We also considered ethanol-induced increases in cellular NADH or the production of ROS as potential mediators of ethanol action on Ca2+ signaling. Several lines of evidence that argue against a role for NADH: 1) ethanol-induced increases in NADH are maximal at ≈2 mM in the perfused liver (not shown, but see Kashiwagi et al.), whereas the effects of ethanol on agonist-induced Ca2+ oscillations are not (Figures 3B and 7B); 2) an increase in cytosolic NADH levels does not appear to affect the activity of PLC; and 3) inhibiting ALDH enhances the effects of ethanol on Ca2+ oscillations while decreasing NADH formation (Figure 7B). Acute ethanol intoxication has been reported to induce the formation of ROS in mitochondria. However, the effects of ethanol on agonist-induced Ca2+ signaling were not prevented by the ROS scavengers DPPD and DMTU. Notably, production of mitochondrial ROS and cell death induced by the reoxygenation of anoxic hepatocytes has been shown to be markedly suppressed by DPPD. Our data show that similar concentrations of DPPD cannot block or reverse the actions of ethanol on agonist-induced Ca2+ oscillations (Figure 7E). These data indicate that ethanol metabolism to increase NADH and stimulate ROS formation does not play a significant role in the short-term effects of ethanol on agonist-induced Ca2+ oscillations.

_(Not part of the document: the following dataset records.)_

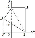 分析 过D作DF⊥x轴于F,根据折叠可以证明△CDE≌△AOE,然后利用全等三角形的性质得到OE=DE,OA=CD=4,设OE=x,那么CE=8-x,DE=x,利用勾股定理即可求出OE的长度,而利用已知条件可以证明△AEO∽△ADF,而AD=AB=8,接着利用相似三角形的性质即可求出DF、AF的长度,也就求出了D的坐标.
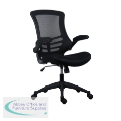 Jemini Jaya Operator Chair 680x670x970-1070mm Black KF70066. Folding arms with a padded arm pads, colour-matched to the back and seat. Featuring a lock-tilt mechanism with torsion control. Suitable for up to 8 hrs usage.
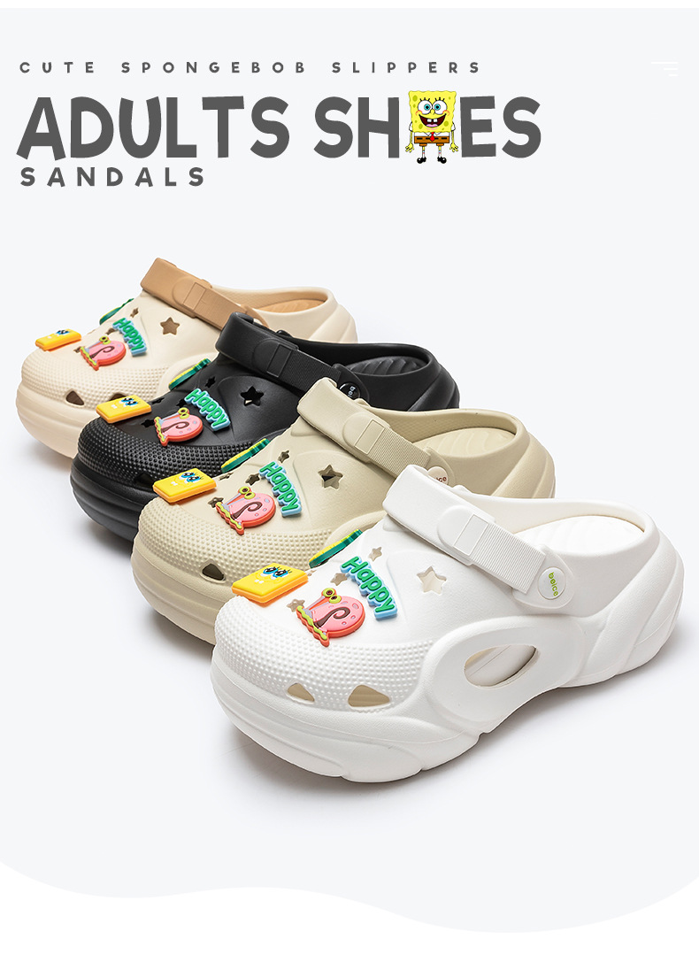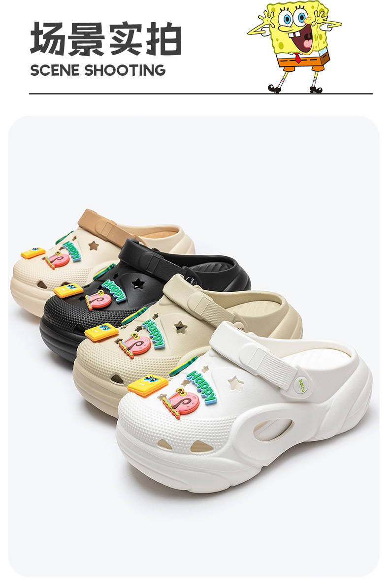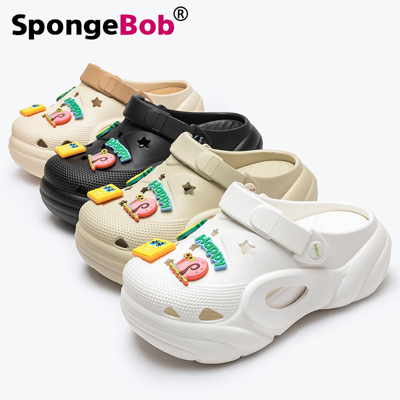 스폰지밥 두꺼운 밑창 여성용 나막신 새로운 미끄럼 방지 해변 강화 발가락 샌들 슬리퍼 여성용 여름 아우터웨어스토어 가기
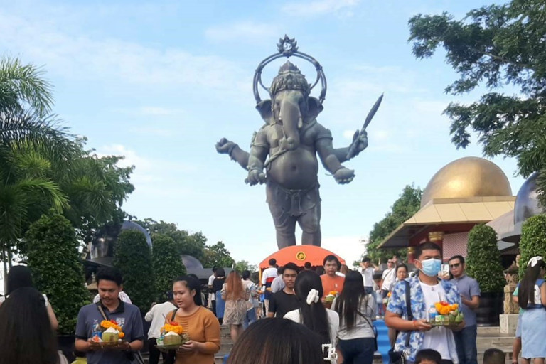 สำหรับของไหว้พระพิฆเนศ ส่วนใหญ่ เป็น นม ผลไม้ กล้วย อ้อย ซึ่งทางอุทยานฯ ได้จัดเตรียมไว้ให้ แล้วแต่จะทำบุญ หรือหากจะนำมาเองก็ได้ ตามแต่สะดวก ทั้งนี้โรคโควิต 19 หมดไปแล้วชาวบ้านนักท่องเที่ยวต่างมาไหว้ขอพระพระพิฆเนศ เทพเจ้าแห่งความสำเร็จ ที่จังหวัดฉะเชิงเทรา รับเอาสิ่งดี เข้ามาในชีวิต พิชิตอุปสรรคสู่ความสำเร็จตลอดปีและตลอดไปก่อนกลับนักท่องเที่ยวยังลาของไหว้ใส่ถุงติดมือกลับไปเป็นสิริมงคลด้วยบางคนก็บูชาองค์พระพิฆเนศกลับไปบูชาที่บ้านที่ทำงานทั้งองค์เล็ก จิ๋ว และองค์ใหญ่ บางคนถึงกลับไปผันเห็นมีโชคมีลาภ จึงกลับมาไหว้อีก บางคนก็บูชากำลัยใส่ข้อมือ บางคนต่อแถวยาวเพื่อที่จะเข้าไปเจิมหน้าผากสีแดง บางคนเจิมโทรศัพท์ กระเป๋าสตางค์ ตามความเชื่อและศรัทธา
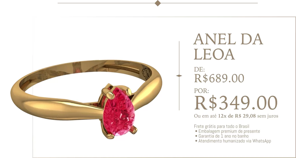 Inspirado na figura da leoa — símbolo de elegância, liderança e magnetismo — esse anel foi criado para mulheres que não aceitam menos do que merecem.
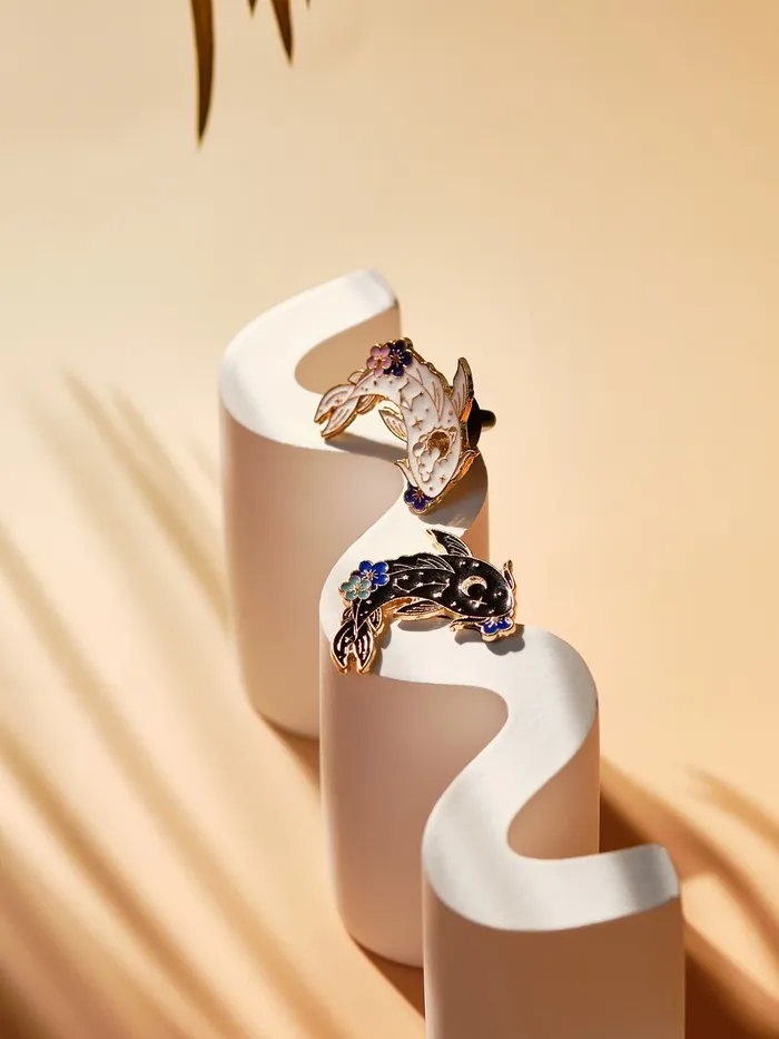Погрузитесь в атмосферу восточной эстетики с набором значков, который вдохновлен изяществом японской культуры. Эти два великолепных значка с изображением карпов, выполненные в ярких цветах и золотой фурнитуре, станут настоящим украшением для каждой женщины, ценящей стиль и оригинальность.

In conclusion, our data show that pharmacologically relevant concentrations of ethanol suppress receptor-stimulated PLC activity and slow down the associated oscillatory increases in both [IP3] and [Ca2+]i. We have previously demonstrated that rapid dynamic changes in IP3 levels are required to produce the repetitive, large-amplitude Ca2+ oscillations induced by PLC-linked hormones. By decreasing the rate of rise and the peak increase in [IP3], ethanol partially uncouples the positive feedback between IP3 and Ca2+ during the rising phase of the Ca2+ spike, leading to early termination of the [Ca2+]i increase or complete cessation of Ca2+ spiking. This idea is consistent with the observation that increasing the concentration of hormone, and presumably also the rates of IP3 production, reverses the effects of ethanol on the frequency of Ca2+ oscillations and amplitude of the Ca2+ spike (Figures 3 and 5). In the short term, the acute inhibitory effects of ethanol on receptor-coupled PLC will perturb the normal hormonal regulation of hepatic metabolism. However, after long-term ethanol exposure, the liver overcomes the acute inhibitory actions of ethanol on IP3 production by increasing the efficacy of hormones to stimulate PLC activity. This adaptive response would enable hepatocytes to respond to Ca2+-mobilizing hormones and increase metabolic output even in the presence of high levels of circulating ethanol. However, when blood alcohol levels fall during times of sobriety this compensatory mechanism could lead to the overstimulation of receptor-coupled PLC and hyperactivation of downstream Ca2+ and PKC-sensitive targets.